A Foreign Affair
Since its inception, the Rx Club Awards have honored agencies from the United States and abroad. But this year more than others, judges were especially impressed with the pharma ad work being done globally, particularly in India.
"There seemed to be a broader range of international entries," says Rx Club Awards founder Ina Kramer. "We had so many foreign countries participating."
"India is right now on a boom," says Anand Krishna, associate account director at Sudler & Hennessey, India. "We are on the radar for IT outsourcing, training, and definitely advertising. The Rx Club Awards has given India a platform to showcase our healthcare communication work." This is particularly important because, in India, companies are not allowed to advertise drugs to consumers. "So, every day is a challenge to come up with new media," says Krishna.
"These kinds of ads are global, so if you can understand the concept without words, or with few words, then that's a killer concept," says Annie Wu, art supervisor at FCB Healthcare and a 2006 Rx Club Awards judge.
Mike Devlin, executive creative director at CCA Advertising, says that many of the ads that made him pause and smile came from BBDO Mexico, including "Cigarette Obsession"—developed for Pfizer's Nicorette—which shows how everyday activities, like drinking alcohol, present roadblocks to quitting smoking.
Design for the Times
There were fewer "slice of life" ads presented this year. Instead, more abstract, creative designs captured judges' attention. Ad execs kept things simple, choosing to forego text-heavy designs. The number of interactive and video entries were consistent with last year's submissions, but the actual number of winners dropped.
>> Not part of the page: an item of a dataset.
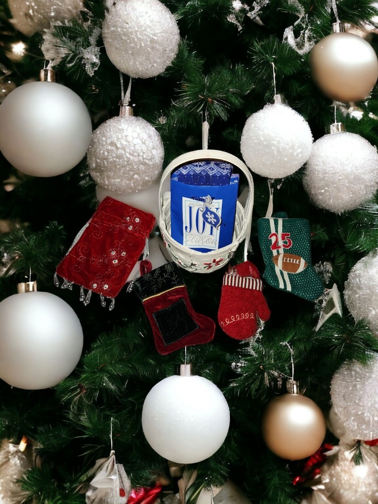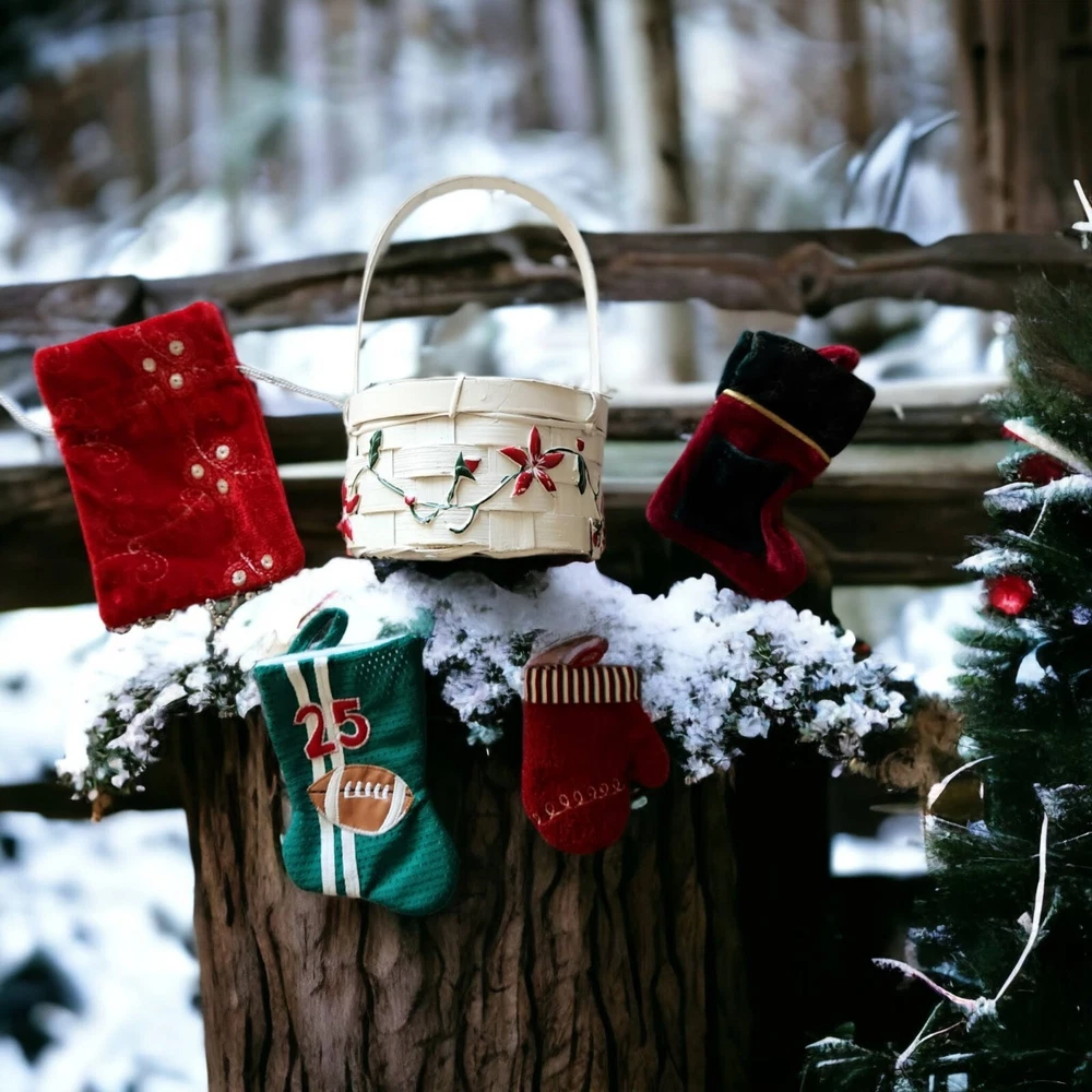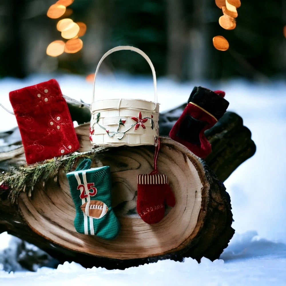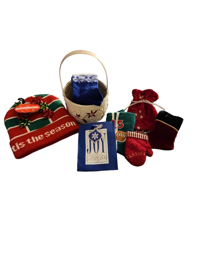 Christmas Gift Card Holders/Gift Bag Assortment w/ Christmas Socks and Christmas Beanie This Christmas, surprise your loved ones with these beautifully designed gift pouches. Made with high-quality cloth, paper, and velvet material, these gift card holders come in various colors and are perfect for small-sized gifts. The contemporary style and solid pattern make them an ideal choice for all adult family members. These gift pouches are perfect for any occasion, especially Christmas. The assortment includes different sizes to accommodate your gift needs. The vintage-inspired design adds a touch of nostalgia to your presents, while the personalized option allows you to add your own touch. Make your gift-giving experience even more special with these Christmas gift card holders. Hang on Tree-Assorted Sizes (Good Quality) 1) Red Pouch-6.75" x 5" 2) Green Football Stocking-5.25" x 4" 3) Dark Red/Green Stocking with Pouch-5" x 3.5" 4) Red Terry Mitt Stocking- 4" x 2.5" 5) Blue/White "Joy" Snowflake Paper Gift Bag 5"H x 4"L 6) Blue/White Snowflake Socks (one pair) 7) White Christmas-Light Socks (one pair) 8) Tis the Season Red-Green Christmas Beanie (one size) 9) Beautiful Mini White "Holly" Basket 5"W x 3"D x 3"H ( 9"H Top to Bottom) 10) Three (3) Resusable Large Gift Bags w/Handle -Size 15"x14"x 6" Note: Gift Cards Not Included
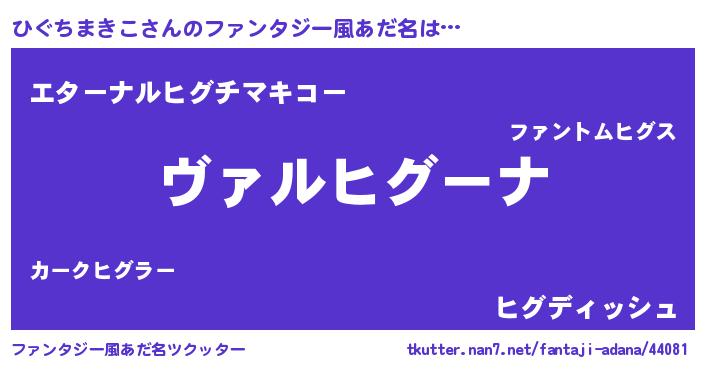 | 男性向けラノベタイトル風あだ名 | 『魔弾の王とひぐちまきこ』 |

Grey Healthcare Group also received high accolades for its call-for-entries print ad, "Concept to Conception," which depicts a drop of paint landing in a flask and forming a fetus. The image is moving and provocative, with little need for text.
The debate continues over whether pharma advertising should take a consumer approach to design. This year, the Rx Club Awards entries included more ads with a touch of satire, including GSW Worldwide's gold-award-winning posters for its charitable initiative called Grace. The posters spoofed popular ads from Apple, Marlboro, and Nike.
Abelson-Taylor's gold-winning campaign for sleep aid Rozerem struck an emotional chord with judges. The ad depicts sleep-deprived people longing for the strange dreams they used to have when they could sleep soundly. Both the consumer and physician ads for the product come off as fun and enlightening.
"It's so graphic that it has to capture the reader's attention," Vincent says. "The idea of an elephant standing on your kneecap immediately expresses the idea of pain."
"I'm not quite sure that that's the acme of creativity, but it's definitely a trend," Fening says. "Direct mail needs to get attention. When doctors or staff open it up and it has a voice chip, it's another way to send a message."
One trend that some judges wish would go away is the use of massive text on physician ads. While some agencies have made a conscious effort to improve their designs, others can't shake the habit of using huge fonts and headlines.
Similar comments were made about a number of ads that featured charts. The consensus was that any information that can be put in a chart, can instead be bullet pointed for more impact and style.
"Catching a doctor's attention in a focused, unique way is the best piece of communication," says David Garson, senior vice president and creative director of art at The CementWorks. "If you don't do that, they aren't going to stop long enough to read the content."